EXERCISE PROMPT
Only the lines from the one containing "本学科方向经过30多年的发展" through the final line below belong in the output, copied exactly and without pictures.

COLLECTED MATERIAL
[Start of Attachment]
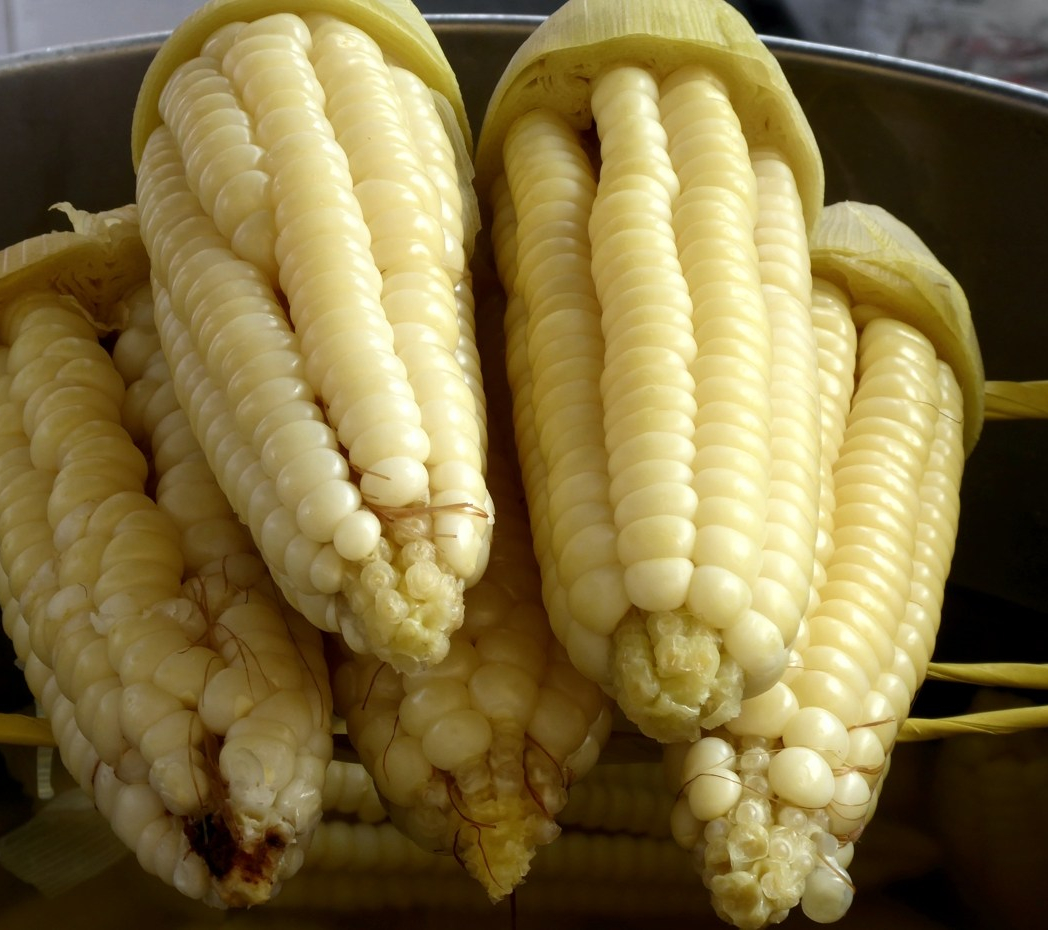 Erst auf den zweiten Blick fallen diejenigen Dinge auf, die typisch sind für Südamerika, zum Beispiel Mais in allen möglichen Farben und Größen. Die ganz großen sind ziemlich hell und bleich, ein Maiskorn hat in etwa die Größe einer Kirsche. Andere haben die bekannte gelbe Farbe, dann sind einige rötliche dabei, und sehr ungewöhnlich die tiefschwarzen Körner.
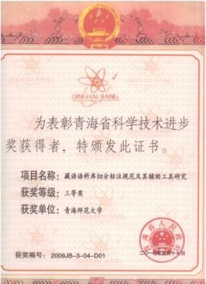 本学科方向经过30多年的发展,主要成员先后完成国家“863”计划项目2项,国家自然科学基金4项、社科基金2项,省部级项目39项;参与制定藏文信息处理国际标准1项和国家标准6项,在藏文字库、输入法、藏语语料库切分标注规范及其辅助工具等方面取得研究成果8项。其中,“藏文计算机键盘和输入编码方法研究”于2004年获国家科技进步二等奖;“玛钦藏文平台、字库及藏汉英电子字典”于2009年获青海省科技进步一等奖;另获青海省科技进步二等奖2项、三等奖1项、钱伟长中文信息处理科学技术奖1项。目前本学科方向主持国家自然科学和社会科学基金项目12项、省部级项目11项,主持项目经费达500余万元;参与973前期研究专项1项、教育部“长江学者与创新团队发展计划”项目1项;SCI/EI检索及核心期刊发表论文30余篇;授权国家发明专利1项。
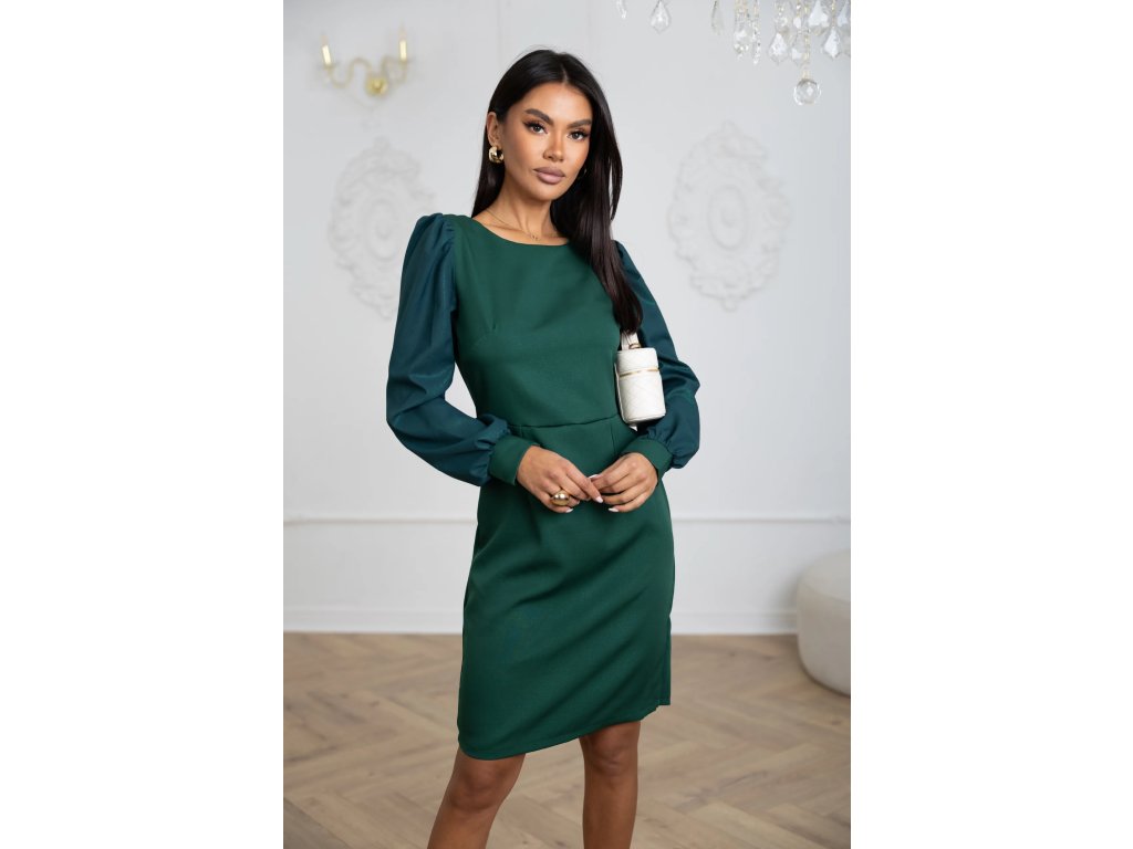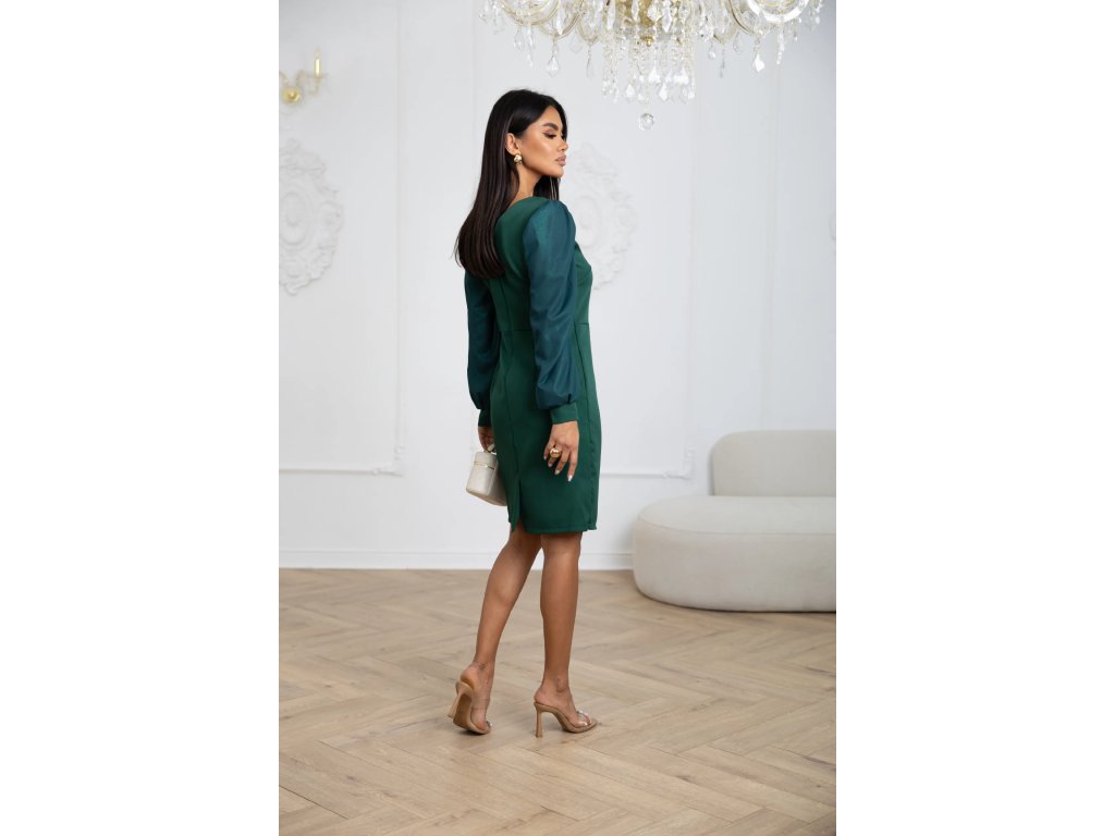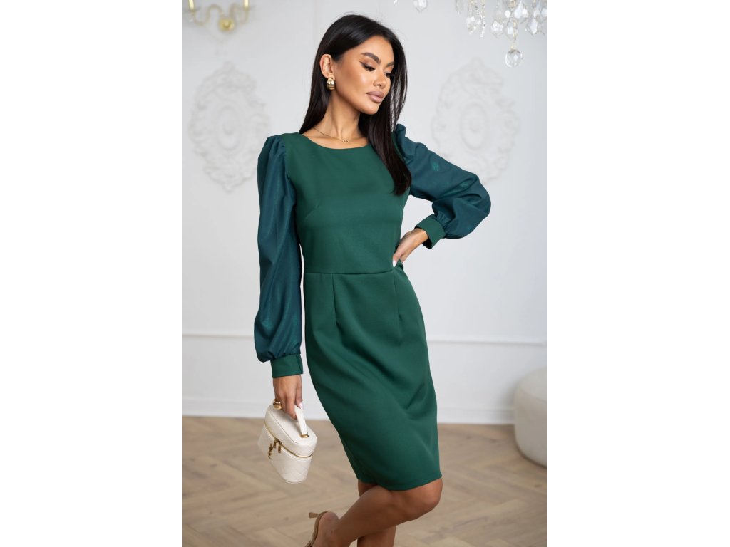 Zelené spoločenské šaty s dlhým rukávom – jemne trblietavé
[End of Attachment]
ANSWER BOX
 本学科方向经过30多年的发展,主要成员先后完成国家“863”计划项目2项,国家自然科学基金4项、社科基金2项,省部级项目39项;参与制定藏文信息处理国际标准1项和国家标准6项,在藏文字库、输入法、藏语语料库切分标注规范及其辅助工具等方面取得研究成果8项。其中,“藏文计算机键盘和输入编码方法研究”于2004年获国家科技进步二等奖;“玛钦藏文平台、字库及藏汉英电子字典”于2009年获青海省科技进步一等奖;另获青海省科技进步二等奖2项、三等奖1项、钱伟长中文信息处理科学技术奖1项。目前本学科方向主持国家自然科学和社会科学基金项目12项、省部级项目11项,主持项目经费达500余万元;参与973前期研究专项1项、教育部“长江学者与创新团队发展计划”项目1项;SCI/EI检索及核心期刊发表论文30余篇;授权国家发明专利1项。
 Zelené spoločenské šaty s dlhým rukávom – jemne trblietavé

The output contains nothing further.